» Goal of the exercise:
Among the entries below, one line contains "Setul drăguț de" and another contains "Bán nhà mặt". Transcribe those two lines and every line between them, exactly.

» Supplied records:
================================
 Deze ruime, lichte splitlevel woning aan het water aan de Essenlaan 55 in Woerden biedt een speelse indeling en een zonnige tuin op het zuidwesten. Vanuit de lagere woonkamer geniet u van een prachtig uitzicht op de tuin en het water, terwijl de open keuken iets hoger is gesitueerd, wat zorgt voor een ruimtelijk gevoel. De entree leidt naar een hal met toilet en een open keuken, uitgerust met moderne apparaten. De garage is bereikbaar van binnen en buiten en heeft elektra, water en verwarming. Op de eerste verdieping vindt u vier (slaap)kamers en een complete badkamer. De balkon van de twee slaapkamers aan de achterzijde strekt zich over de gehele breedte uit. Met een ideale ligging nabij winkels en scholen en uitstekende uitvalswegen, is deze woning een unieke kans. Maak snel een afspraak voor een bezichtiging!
================================
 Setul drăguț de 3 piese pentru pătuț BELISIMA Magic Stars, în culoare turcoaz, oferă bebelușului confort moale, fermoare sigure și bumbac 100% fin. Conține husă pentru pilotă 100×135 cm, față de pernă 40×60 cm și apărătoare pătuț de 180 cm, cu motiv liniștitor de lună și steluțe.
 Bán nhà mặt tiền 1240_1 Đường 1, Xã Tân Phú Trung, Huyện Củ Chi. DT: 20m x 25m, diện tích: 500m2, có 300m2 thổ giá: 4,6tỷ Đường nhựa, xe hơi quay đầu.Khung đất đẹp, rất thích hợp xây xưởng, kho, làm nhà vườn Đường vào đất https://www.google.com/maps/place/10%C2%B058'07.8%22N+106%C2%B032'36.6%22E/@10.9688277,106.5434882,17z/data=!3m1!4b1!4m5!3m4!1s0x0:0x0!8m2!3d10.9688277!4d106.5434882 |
================================
» Answer to this task:
 Setul drăguț de 3 piese pentru pătuț BELISIMA Magic Stars, în culoare turcoaz, oferă bebelușului confort moale, fermoare sigure și bumbac 100% fin. Conține husă pentru pilotă 100×135 cm, față de pernă 40×60 cm și apărătoare pătuț de 180 cm, cu motiv liniștitor de lună și steluțe.
 Bán nhà mặt tiền 1240_1 Đường 1, Xã Tân Phú Trung, Huyện Củ Chi. DT: 20m x 25m, diện tích: 500m2, có 300m2 thổ giá: 4,6tỷ Đường nhựa, xe hơi quay đầu.Khung đất đẹp, rất thích hợp xây xưởng, kho, làm nhà vườn Đường vào đất https://www.google.com/maps/place/10%C2%B058'07.8%22N+106%C2%B032'36.6%22E/@10.9688277,106.5434882,17z/data=!3m1!4b1!4m5!3m4!1s0x0:0x0!8m2!3d10.9688277!4d106.5434882 |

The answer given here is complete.